» **Recorded information**:
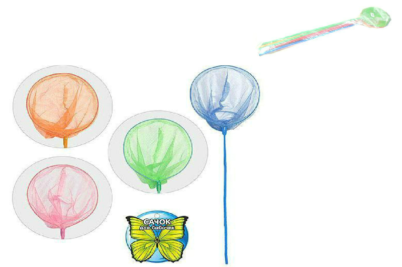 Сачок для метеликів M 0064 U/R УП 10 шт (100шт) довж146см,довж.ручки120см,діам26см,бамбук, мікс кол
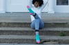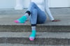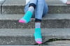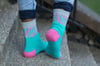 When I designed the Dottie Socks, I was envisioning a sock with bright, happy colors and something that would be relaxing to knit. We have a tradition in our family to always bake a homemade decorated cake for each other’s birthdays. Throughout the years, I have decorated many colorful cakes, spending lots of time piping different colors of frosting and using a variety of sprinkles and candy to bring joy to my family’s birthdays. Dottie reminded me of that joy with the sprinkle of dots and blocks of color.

...

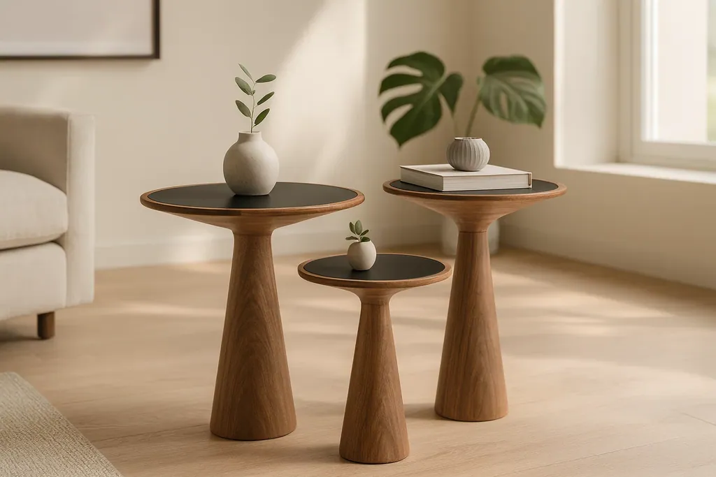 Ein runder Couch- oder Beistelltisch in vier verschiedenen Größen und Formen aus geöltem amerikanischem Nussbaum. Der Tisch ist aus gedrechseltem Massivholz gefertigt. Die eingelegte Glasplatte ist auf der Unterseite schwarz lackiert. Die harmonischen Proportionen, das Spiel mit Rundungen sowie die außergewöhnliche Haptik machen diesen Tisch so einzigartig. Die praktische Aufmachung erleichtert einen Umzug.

» **Exercise**: Where a picture appears in the records above, omit it, and transcribe exactly the stretch of lines from the one with "Сачок для метеликів" through the one with "When I designed".

» **Reply to the task**:
 Сачок для метеликів M 0064 U/R УП 10 шт (100шт) довж146см,довж.ручки120см,діам26см,бамбук, мікс кол
 When I designed the Dottie Socks, I was envisioning a sock with bright, happy colors and something that would be relaxing to knit. We have a tradition in our family to always bake a homemade decorated cake for each other’s birthdays. Throughout the years, I have decorated many colorful cakes, spending lots of time piping different colors of frosting and using a variety of sprinkles and candy to bring joy to my family’s birthdays. Dottie reminded me of that joy with the sprinkle of dots and blocks of color.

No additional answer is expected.